A failover time profile refers to a specific combination of failover parameters that determine the time in which failover should be completed and define the aggressiveness of failover. Some failover parameters include failoverTimeoutMs
and failoverReaderConnectTimeoutMs
. Failover should be completed within 5 minutes by default. If the connection is not re-established during this time, then the failover process times out and fails. Users can configure the failover parameters to adjust the aggressiveness of the failover and fulfill the needs of their specific application. For example, a user could take a more aggressive approach and shorten the time limit on failover to promote a fail-fast approach for an application that does not tolerate database outages. Examples of normal and aggressive failover time profiles are shown below.
Warning
Aggressive failover does come with its side effects.
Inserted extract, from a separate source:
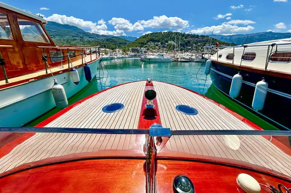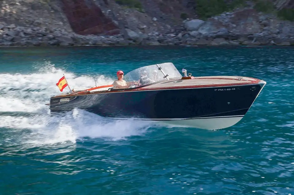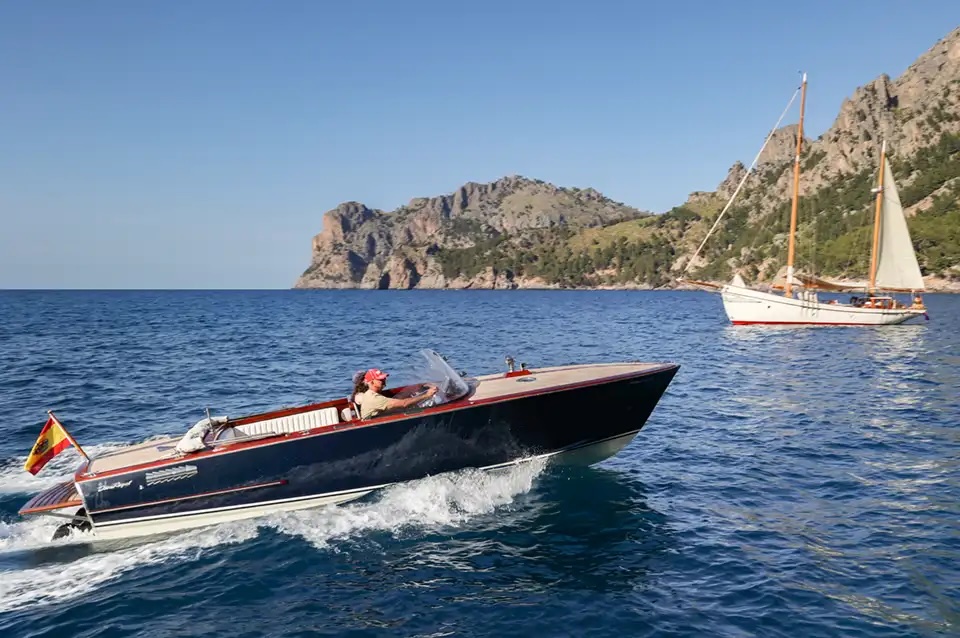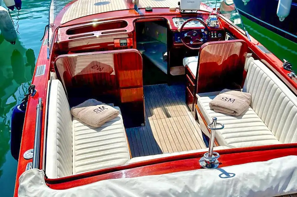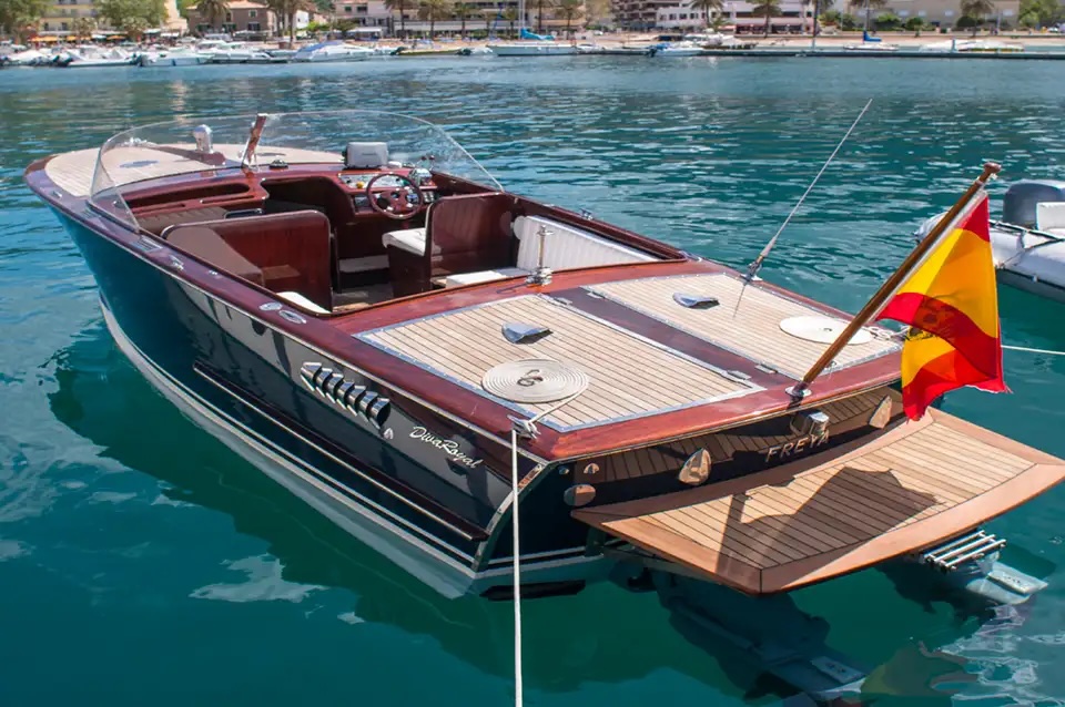 - This is a sleek, classic day cruiser with a deep navy-blue hull and a contrasting polished wooden deck, exuding timeless elegance. The open cockpit design features luxurious white upholstered seating, providing a comfortable and stylish space for passengers. The windshield is low and minimalist, enhancing the boat’s sporty yet refined appearance.

Since the time limit on failover is shorter, it becomes more likely that a problem is caused not by a failure, but rather because of a timeout.
Parameter | Value |
---|---|
failoverTimeoutMs |
180000 |
failoverWriterReconnectIntervalMs |
2000 |
failoverReaderConnectTimeoutMs |
30000 |
failoverClusterTopologyRefreshRateMs |
2000 |
Parameter | Value |
---|---|
failoverTimeoutMs |
30000 |
failoverWriterReconnectIntervalMs |
2000 |
failoverReaderConnectTimeoutMs |
10000 |
failoverClusterTopologyRefreshRateMs |
2000 |
Connecting to a writer cluster endpoint after failover can result in a faulty connection because DNS causes a delay in changing the writer cluster. On the AWS DNS server, this change is updated usually between 15-20 seconds, but the other DNS servers sitting between the application and the AWS DNS server may not be updated in time. Using the stale DNS data will most likely cause problems for users, so it is important to keep this is mind.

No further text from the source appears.